PREGNANCY IMPLICATIONS — Teratogenic effects were not observed in animal studies. Acebutolol and its metabolite cross the human placenta. The neonatal half-life of acebutolol is 6-14 hours and diacetolol is 24-30 hours. Decreased birth weight, blood pressure, and heart rate have been observed in neonates following maternal use of acebutolol during pregnancy. Neonatal hypoglycemia has also been reported. Available evidence suggests beta-blockers are generally safe during pregnancy (JNC 7). Monitoring of the newborn is recommended.

LACTATION — Enters breast milk/not recommended (AAP recommends “use with caution”)

BREAST-FEEDING CONSIDERATIONS — Acebutolol and its metabolites are found in human breast milk; the milk/plasma ratio is 7.1 for acebutolol and 12.2 for diacetolol. Hypotension, bradycardia, and tachypnea have been reported in nursing infants.

DIETARY CONSIDERATIONS — May be taken without regard to meals.

PRICING — (data from drugstore.com)
Capsules (Acebutolol HCl)
200 mg (100): $54.98
400 mg (30): $21.99

Capsules (Sectral)
200 mg (60): $179.98
400 mg (30): $124.99

MONITORING PARAMETERS — Blood glucose; blood pressure, orthostatic hypotension, heart rate, CNS effects, ECG

CANADIAN BRAND NAMES — Apo-Acebutolol®; Gen-Acebutolol; Monitan®; Novo-Acebutolol; Nu-Acebutolol; Rhotral; Rhoxal-acebutolol; Sandoz-Acebutolol; Sectral®

INTERNATIONAL BRAND NAMES — Abutol (PL); ACB (NZ); Acebutolol (PL); Acecor (PL); Acepin (TW); Acetanol (JP); Beloc (CN); Butobloc (ZA); Cetolol (PL); Diasectral (DK, FI); Flebutol (VE); Grifobutol (CN); Prent (CH, DE, IT, PT); Rhodiasectral (AR); Sectral (AE, AT, BB, BE, BG, BH, BM, BR, BS, BZ, CH, CY, CZ, EG, ES, FR, GB, GY, HK, IE, IL, IN, IQ, IR, IT, JM, JO, JP, KW, LB, LU, LY, NL, OM, PL, QA, SA, SR, SY, TT, TW, YE, ZA); Sectral LP (FR); Sincer (TW); Wesfalin (AR)

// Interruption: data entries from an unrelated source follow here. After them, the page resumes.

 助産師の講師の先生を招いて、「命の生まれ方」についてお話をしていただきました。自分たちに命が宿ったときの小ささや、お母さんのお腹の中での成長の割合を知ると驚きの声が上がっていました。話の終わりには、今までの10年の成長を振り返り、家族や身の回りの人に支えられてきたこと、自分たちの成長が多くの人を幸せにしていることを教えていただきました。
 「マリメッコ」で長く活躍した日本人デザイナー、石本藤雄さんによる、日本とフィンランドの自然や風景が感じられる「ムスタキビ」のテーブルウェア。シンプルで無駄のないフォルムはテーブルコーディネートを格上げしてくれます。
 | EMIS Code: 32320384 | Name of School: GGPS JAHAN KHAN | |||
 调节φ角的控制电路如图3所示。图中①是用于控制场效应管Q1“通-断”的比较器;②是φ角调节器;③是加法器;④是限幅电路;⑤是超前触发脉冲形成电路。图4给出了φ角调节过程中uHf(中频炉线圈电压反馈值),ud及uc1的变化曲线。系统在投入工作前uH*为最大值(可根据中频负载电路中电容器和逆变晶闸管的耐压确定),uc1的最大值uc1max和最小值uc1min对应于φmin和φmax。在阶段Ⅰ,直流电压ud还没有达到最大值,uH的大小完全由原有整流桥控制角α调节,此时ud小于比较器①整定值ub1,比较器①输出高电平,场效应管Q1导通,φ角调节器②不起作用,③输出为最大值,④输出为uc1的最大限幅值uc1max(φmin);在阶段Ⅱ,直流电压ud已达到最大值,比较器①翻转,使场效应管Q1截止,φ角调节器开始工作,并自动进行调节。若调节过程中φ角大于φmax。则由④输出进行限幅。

MECHANISM OF ACTION — Competitively blocks beta1-adrenergic receptors with little or
no effect on beta2-receptors except at high doses; exhibits membrane stabilizing and intrinsic sympathomimetic activity

PHARMACODYNAMICS / KINETICS
Onset of action: 1-2 hours

Duration: 12-24 hours

Absorption: Oral: 40%

Protein binding: ~26%

Metabolism: Extensive first-pass effect to equipotent and cardioselective diacetolol metabolite

Half-life elimination: Parent drug: 3-4 hours; Metabolite: 8-13 hours

Time to peak: 2-4 hours

Excretion: Feces (50% to 60%); urine (30% to 40%); diacetolol eliminated primarily in the urine

PATIENT INFORMATION — Do not discontinue abruptly. Consult pharmacist or prescriber before taking with other adrenergic drugs (eg, cold medications). Take at the same time each day. May be taken without regard to meals. Use with caution while driving or performing tasks requiring alertness. Notify prescriber if CHF symptoms become worse or if other side effects occur. May mask signs of hypoglycemia in diabetics.